Newsflash: you need carbs! They’re not the enemy that the media claims them to be—that is if you’re eating the right type of carbs. An appropriate amount of the right carbohydrates fuels your body and brain with necessary energy.

You want to include complex carbs in your diet (like brown rice, oats, quinoa, and vegetables) which are excellent sources of necessary energy and nutrition. But be sure to avoid simple or refined carbs that promote obesity, elevate blood sugars, and chronic inflammation. Examples include most processed snack foods and anything made with white flour or sugar.

2. Dehydration

Potted cactus next to a glass of water; Relationship between dehydration, weight loss, and incontinence

You’ve probably heard about drinking to prevent fluid retention, but did you know that it affects weight loss more directly? Dehydration slows various chemical reactions in the body, including your fat-burning process. A lack of hydrating fluids actually keeps you from burning fat, even if you’re dieting and exercising.

Even though it can be a huge roadblock, dehydration is also one of the most easily defeated weight loss enemies. But keep in mind that the commonly recommended 64 ounces of water per day is only a minimum. Most people need more (decaffeinated) hydrating fluids than this, so find your optimal fluid intake that keeps you feeling well without running to the bathroom too frequently.

3. Overeating

You’ve probably heard how it’s best to wait before dishing out seconds, and it’s sound advice. In fact, it takes 20 minutes for your brain to recognize your stomach is full and send out the signal. So even though you might not feel full enough after your usual portion, don’t be too quick reach for more.

If you continue to eat even after recognizing you’re full, it’s considered overeating. Eating to this degree stretches your stomach, causing it to press on other organs. This gives you that uncomfortably full feeling that usually fills you with regret. "Ugh! I shouldn’t have eaten so much!”

But worst of all, overeating means you’ve got a calorie surplus rather than a calorie deficit. And we all know that a calorie surplus leads to weight gain over time. This is because extra calories create fat deposits that lead to obesity.

4. High Sodium Intake

This one might surprise even the savviest dieters. It’s not only about fluid retention or junk food. Researchers have found that salt is one of the most insidious weight loss enemies. It can actually make fat cells grow larger. Yikes!

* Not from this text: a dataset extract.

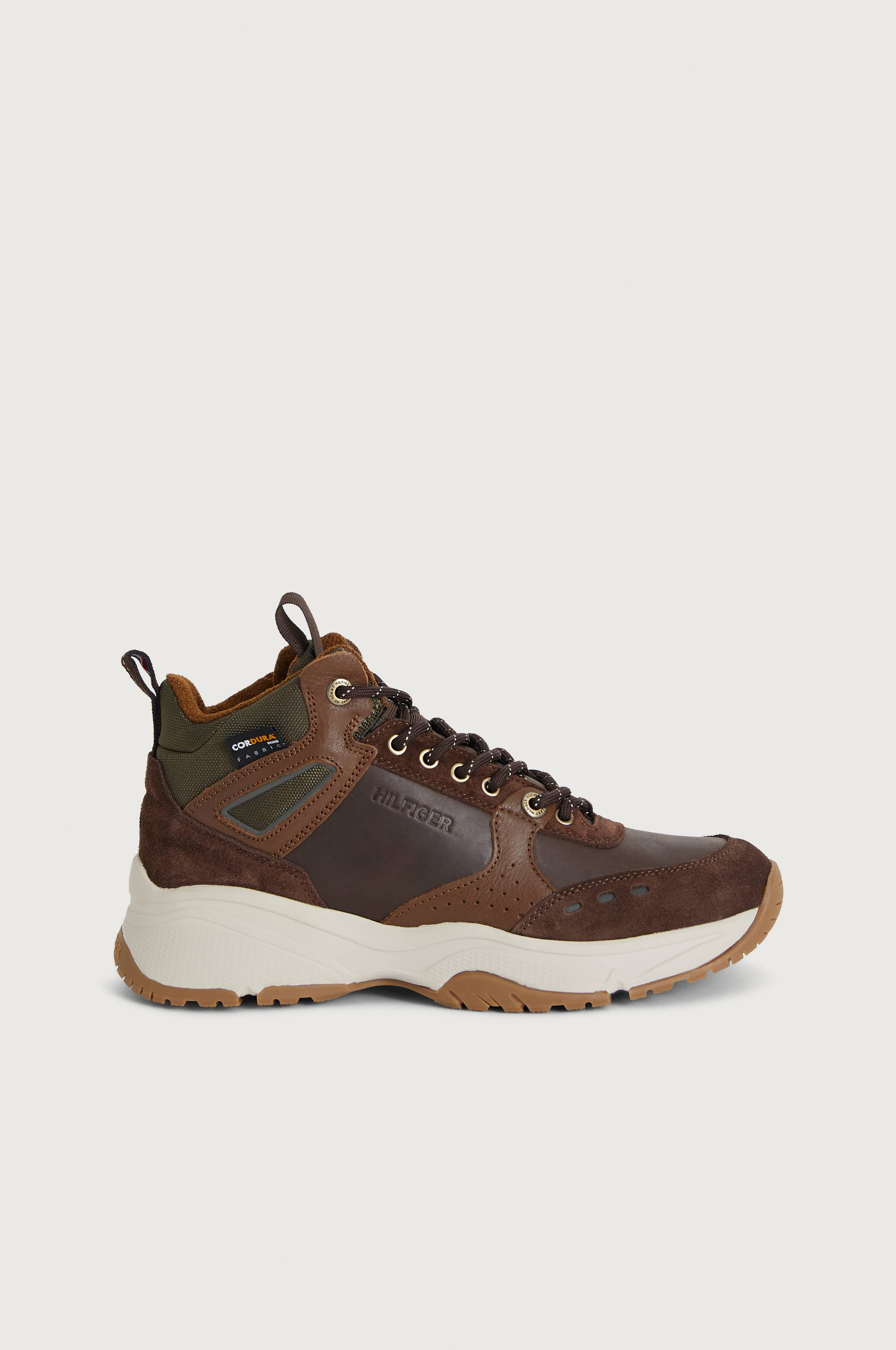 Sneakers fra Tommy Hilfiger med overdel i skinn og tekstil. Skoene har et merke på pløsen og drahempe på skaftet.

Your body only needs ¼ teaspoon (575 mg) of salt daily but most people get 20 times that amount. Whatever diet you choose to follow, be sure to monitor your sodium intake and keep it below 1500-2000 mg for optimal health and weight loss. The American Heart Association recommends consuming under 1500 mg.

Just remember that in addition to reducing the amount of table salt in your diet, you’ll also want to minimize processed foods that are often loaded with salt. So, be sure to read labels!

5. Lack of Sleep

Sleep deprivation can stimulate hunger hormones

Sleep deprivation also obstructs weight loss in a big way. If you’re trying to drop pounds, getting enough shut eye is a must. Even if you’re eating no food at all and exercising, your body will stubbornly refuse to release fat. Instead, a lack of sleep triggers fat conservation, because it throws your body into survival mode, halting your metabolism.

To make matters worse, seep deprivation also stimulates hunger hormones and the stress hormone cortisol. In short, a lack of sleep is directly linked to weight gain. So, if you want to defeat this weight loss enemy, be sure to get at least 7-8 hours of sleep at night. But listen to your body, because you may need more than this, especially if you have certain health conditions.

6. High Stress Levels

Stress comes in many forms. While you might recognize the pressure that comes with an impending deadline, it’s easier to overlook the impact of chronic emotional stress. Whether you live under the weight of a high-pressure job or a difficult personal situation, high stress levels are a common cause for stalled weight loss and even weight gain.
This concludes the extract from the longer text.